DATA TO PROCESS.
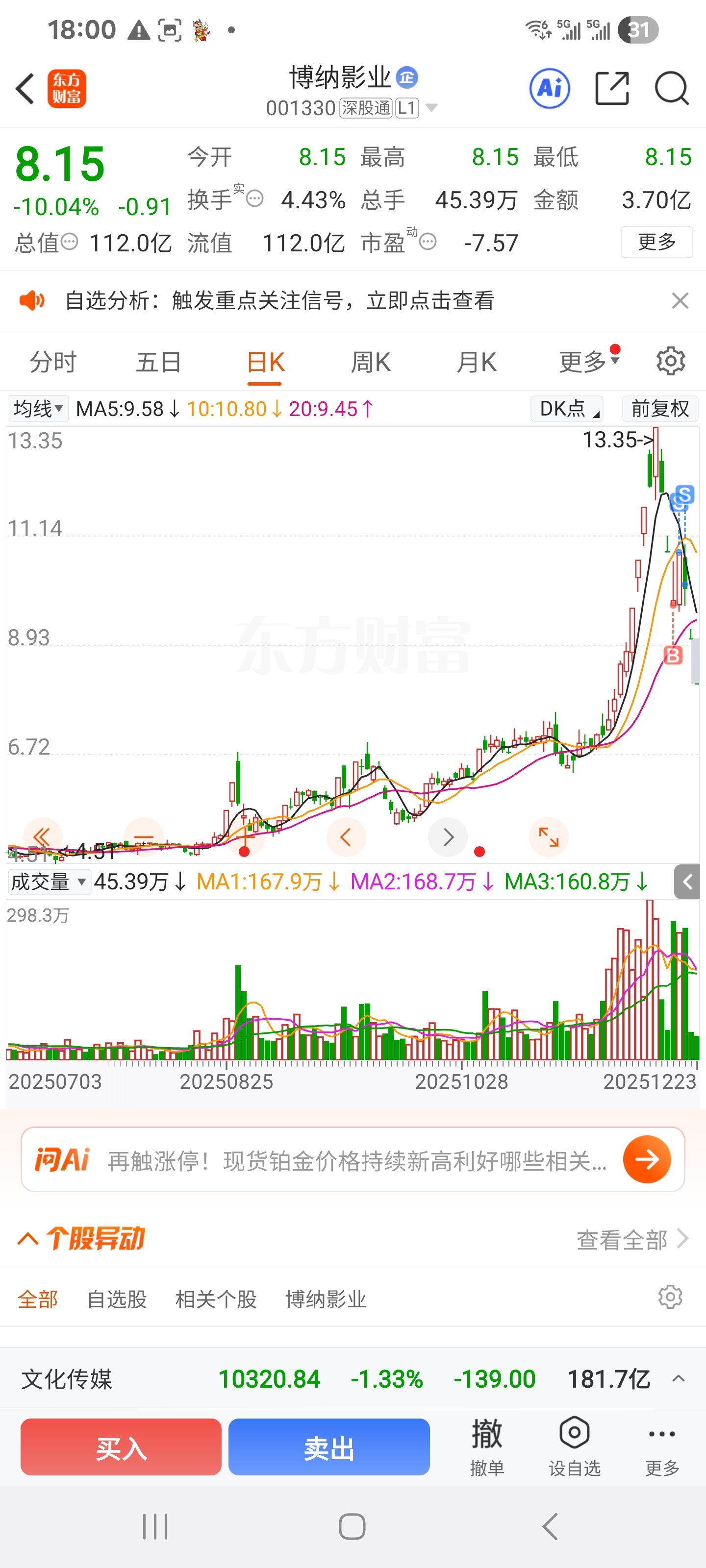 $博纳影业(SZ001330)$ 差点被你含住,真是后背发凉,这是什么庄嘛,要命
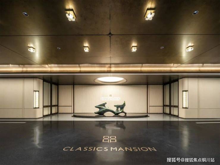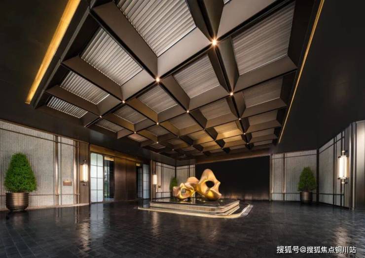 约6.3米高、面积超420㎡环岛落客式车马院空间,地面是福鼎黑石地铺,立面是浅色白世贸奢石,打磨成水波纹样。鎏金格纹重顶,有着故宫藻井的帝王气象。整面范思哲黑的流水景墙,灵动大气,与中心艺术雕塑相呼应。
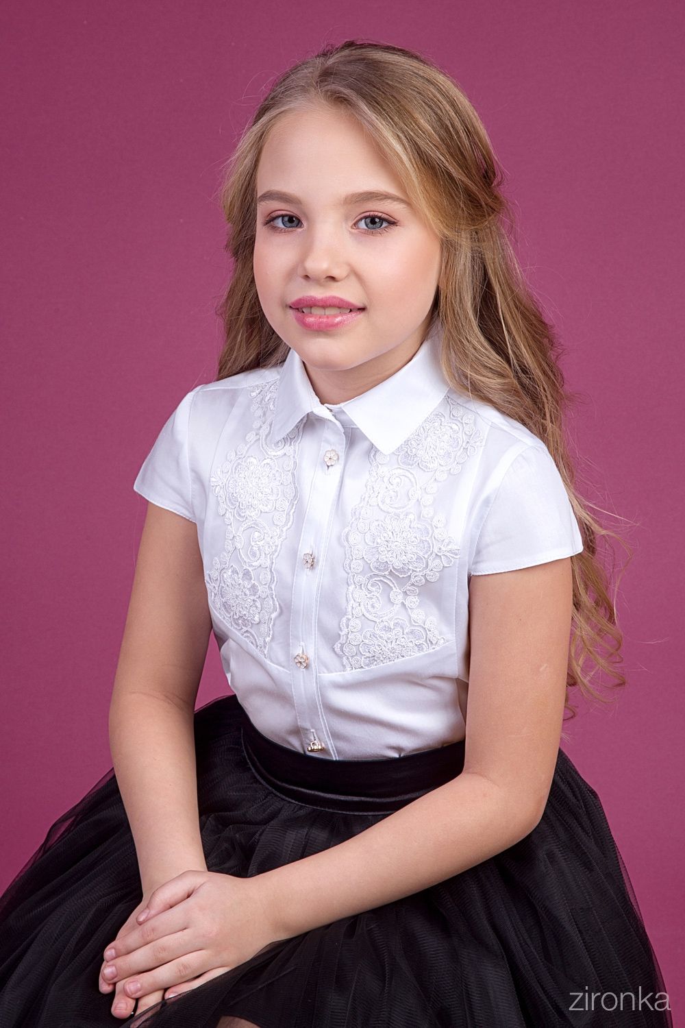 Хлопковая блузка ТМ Зиронька "Zironka" из новой школьной коллекции Textile Ajour 2019 года. Нарядная блузка-рубашка с коротким рукавом и отложным воротником. Полочка изделия декорирована готовыми кружевными аппликациями. Выполнена из нежной ткани, мягкой и приятной на ощупь. Тонкая, но при этом не просвещается и не блестит. Застегивается на пуговицы.
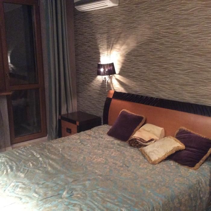 встроенная кухня, современная мебель, угловой двуспальный диван, двуспальная кровать, зеркальный шкаф-купе, полы с подогревом, ванна, гардеробная, сейф.
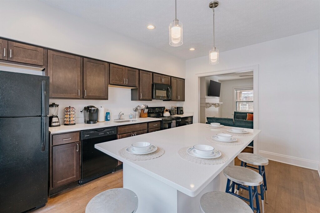 Feel at home in this modern 5-bedroom townhome, just steps from University Circle, Cleveland Clinic, Case Western, museums, and Little Italy. This spacious townhome features two living rooms, a fully equipped kitchen, and a cozy basement lounge with foosball. Modern décor, comfortable bedding, and open living spaces make it ideal for large groups and families. It comfortably sleeps up to 10 guests and offers fast Wi-Fi and smart TVs. Pets are welcome with a fee of $150 plus taxes and fees per pet, up to a maximum of one pet. Located in one of Cleveland’s most walkable cultural districts. A renters agreement will be sent via email to sign. [SI]
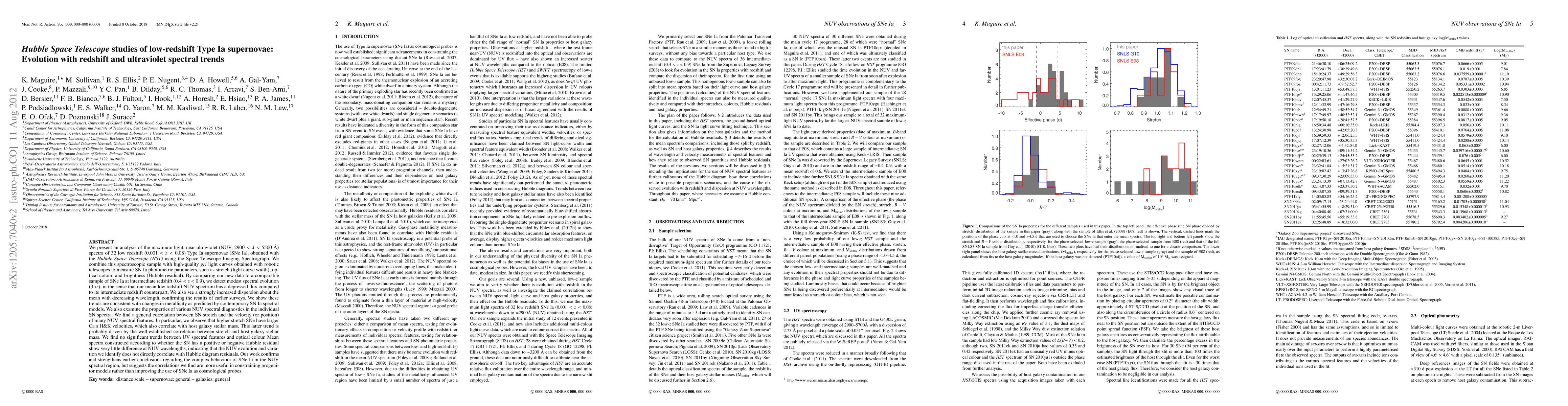 This study analyzes the near ultraviolet (NUV) spectra of 32 low-redshift Type Ia supernovae (SNe Ia) using the Hubble Space Telescope, revealing modest spectral evolution and increased dispersion in NUV flux compared to intermediate-z SNe Ia. The findings suggest these trends are linked to metallicity changes, with higher stretch SNe showing larger Ca II H&K velocities correlating with host galaxy stellar mass.
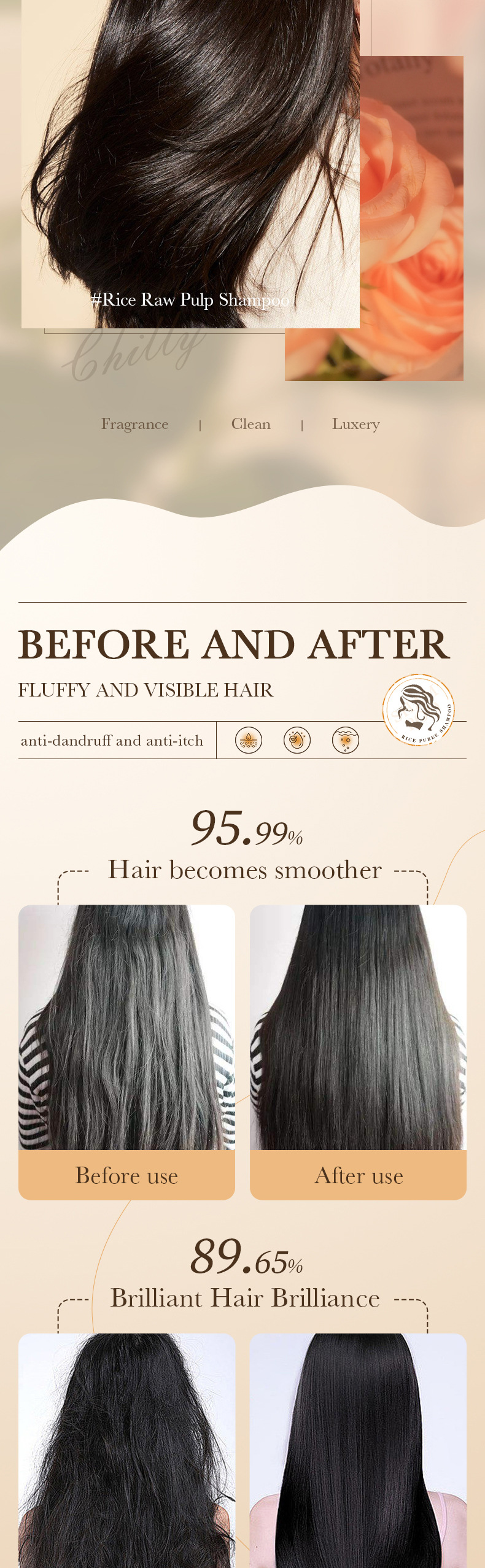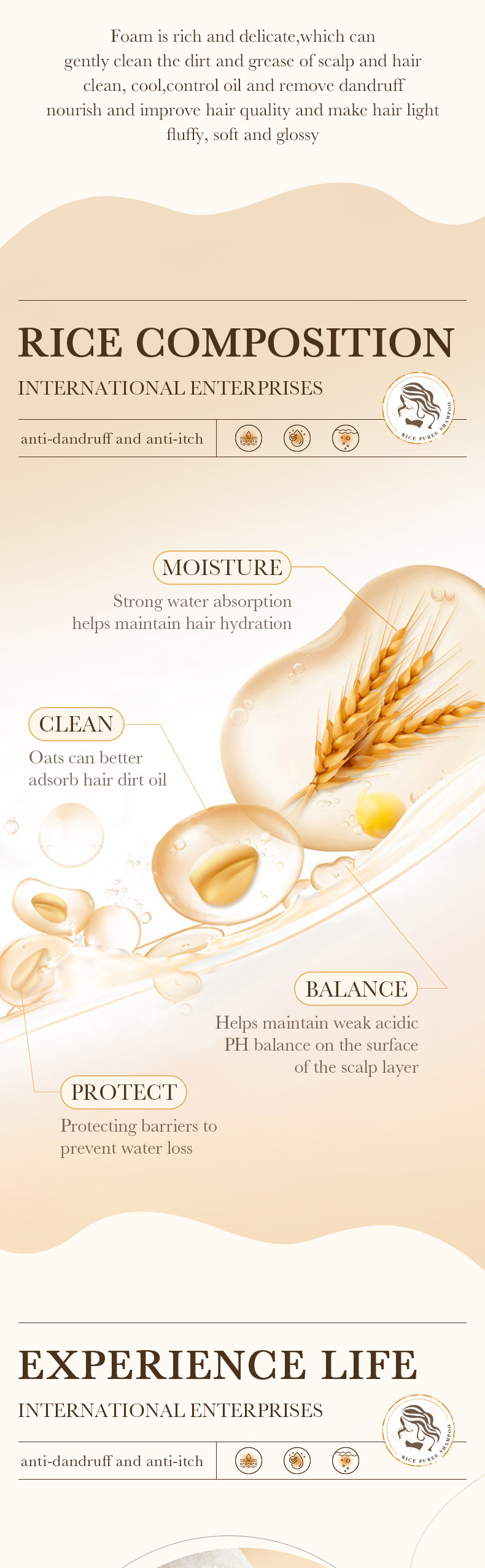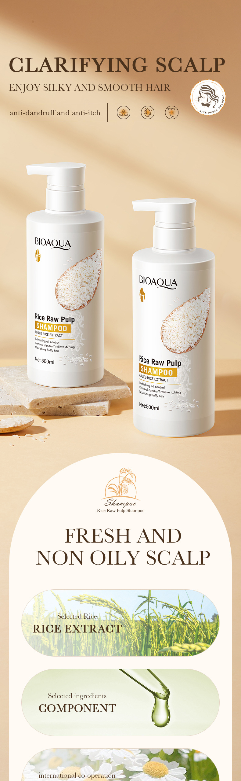 english bioaoua rice puree shampoo anti-dandruff oil control fluffy fragrance shampoo foreign trade cross-border 中文版

TASK STATEMENT. Output the data exactly as it is, with the pictures dropped.

REPLY.
 $博纳影业(SZ001330)$ 差点被你含住,真是后背发凉,这是什么庄嘛,要命
 约6.3米高、面积超420㎡环岛落客式车马院空间,地面是福鼎黑石地铺,立面是浅色白世贸奢石,打磨成水波纹样。鎏金格纹重顶,有着故宫藻井的帝王气象。整面范思哲黑的流水景墙,灵动大气,与中心艺术雕塑相呼应。
 Хлопковая блузка ТМ Зиронька "Zironka" из новой школьной коллекции Textile Ajour 2019 года. Нарядная блузка-рубашка с коротким рукавом и отложным воротником. Полочка изделия декорирована готовыми кружевными аппликациями. Выполнена из нежной ткани, мягкой и приятной на ощупь. Тонкая, но при этом не просвещается и не блестит. Застегивается на пуговицы.
 встроенная кухня, современная мебель, угловой двуспальный диван, двуспальная кровать, зеркальный шкаф-купе, полы с подогревом, ванна, гардеробная, сейф.
 Feel at home in this modern 5-bedroom townhome, just steps from University Circle, Cleveland Clinic, Case Western, museums, and Little Italy. This spacious townhome features two living rooms, a fully equipped kitchen, and a cozy basement lounge with foosball. Modern décor, comfortable bedding, and open living spaces make it ideal for large groups and families. It comfortably sleeps up to 10 guests and offers fast Wi-Fi and smart TVs. Pets are welcome with a fee of $150 plus taxes and fees per pet, up to a maximum of one pet. Located in one of Cleveland’s most walkable cultural districts. A renters agreement will be sent via email to sign. [SI]
 This study analyzes the near ultraviolet (NUV) spectra of 32 low-redshift Type Ia supernovae (SNe Ia) using the Hubble Space Telescope, revealing modest spectral evolution and increased dispersion in NUV flux compared to intermediate-z SNe Ia. The findings suggest these trends are linked to metallicity changes, with higher stretch SNe showing larger Ca II H&K velocities correlating with host galaxy stellar mass.
 english bioaoua rice puree shampoo anti-dandruff oil control fluffy fragrance shampoo foreign trade cross-border 中文版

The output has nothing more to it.